Brussels, Belgium —On July 3, 2001, the economic theory of bundling moved dramatically from the academic arena to that of public policy, when the European Commission blocked the $42 billion megamerger between General Electric Co. (GE) and Honeywell International Inc. Key to the objection to this amalgamation was a concern over economic bundling. The decision came after U.S. regulatory authorities had approved the transaction.


On December 14, the Court of First Instance, the EU's second-highest court, backed the Commission's original view that the deal would have given the combined company, including GE's finance affiliate, too much power in the jet-powered-aviation and small-marine-gas-turbine markets. However the Court also indicated that the Commission "made manifest errors of assessment" in leaning on a theory of effects of a conglomerate, such as economic coercion of customers and suppliers alike.
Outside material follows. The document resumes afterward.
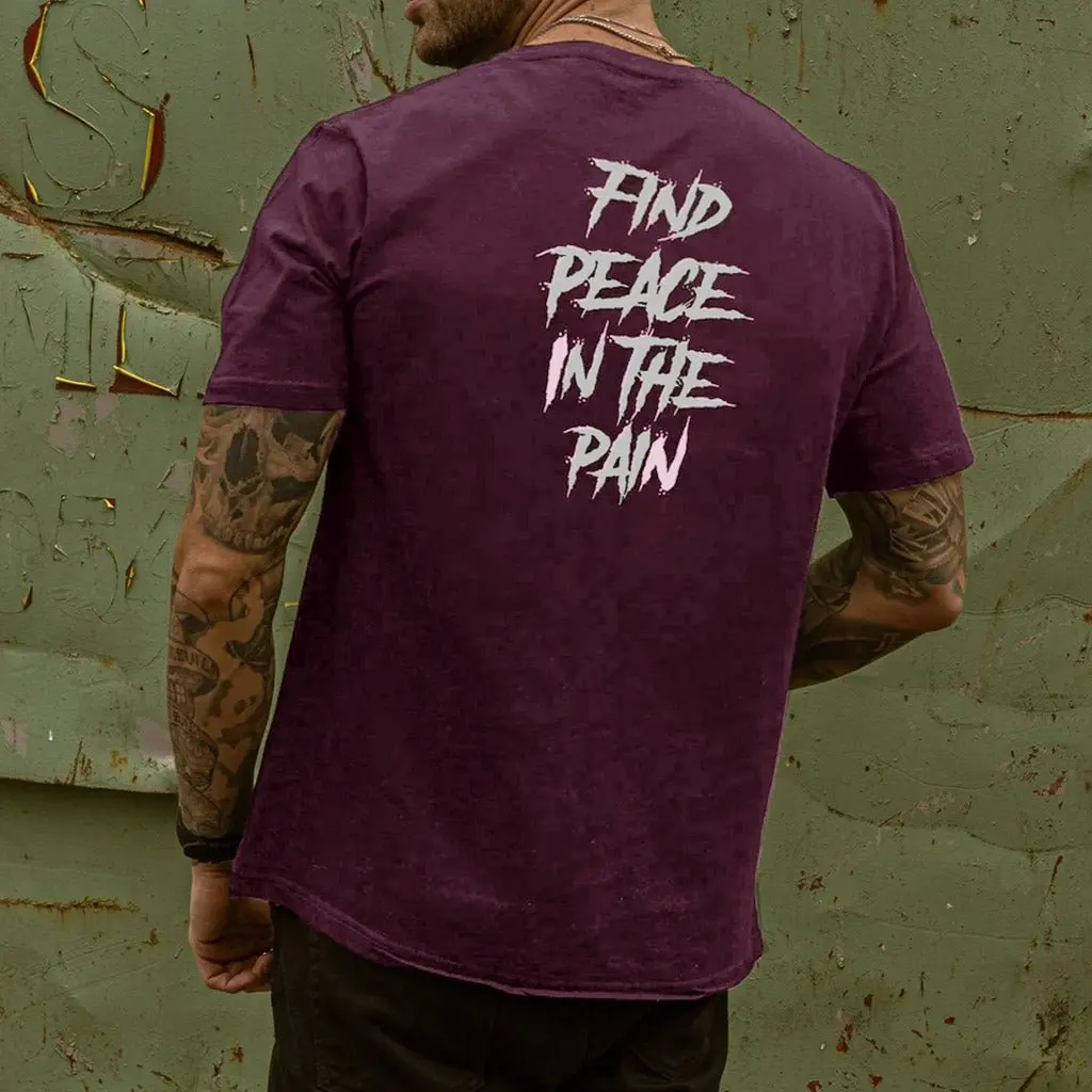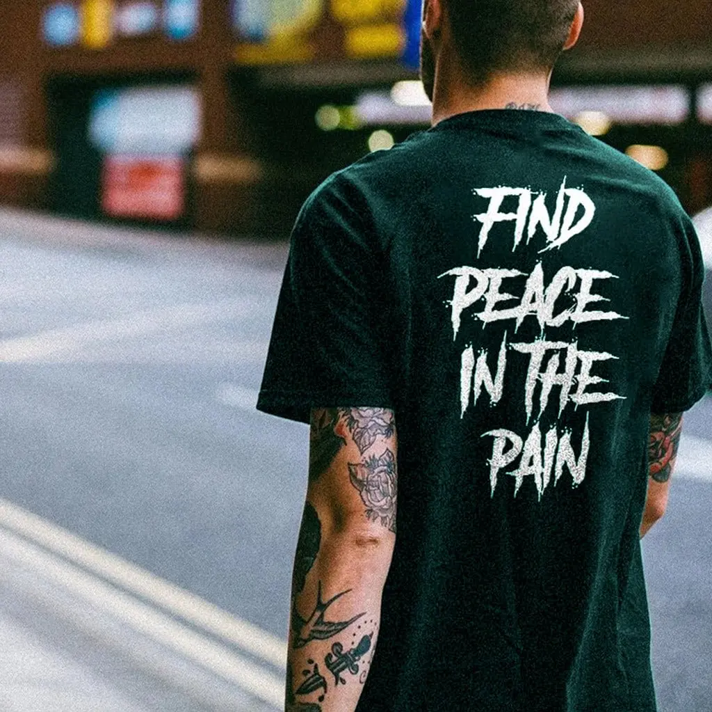 roduct Name: FIND PEACE IN THE PAIN Modern Style Black Print T-shirt

Nevertheless, GE's counsel Hendrik Bourgeois was quoted by the Associated Press in saying, "It seems that the court agrees with our positions… that the Commission was wrong to predict that the transaction would have had a conglomerate effect based on the financial strength of GE, the vertical integration that the transaction would have caused and from bundling."


The decision is moot for the companies, as neither firm has plans to restart the merger process.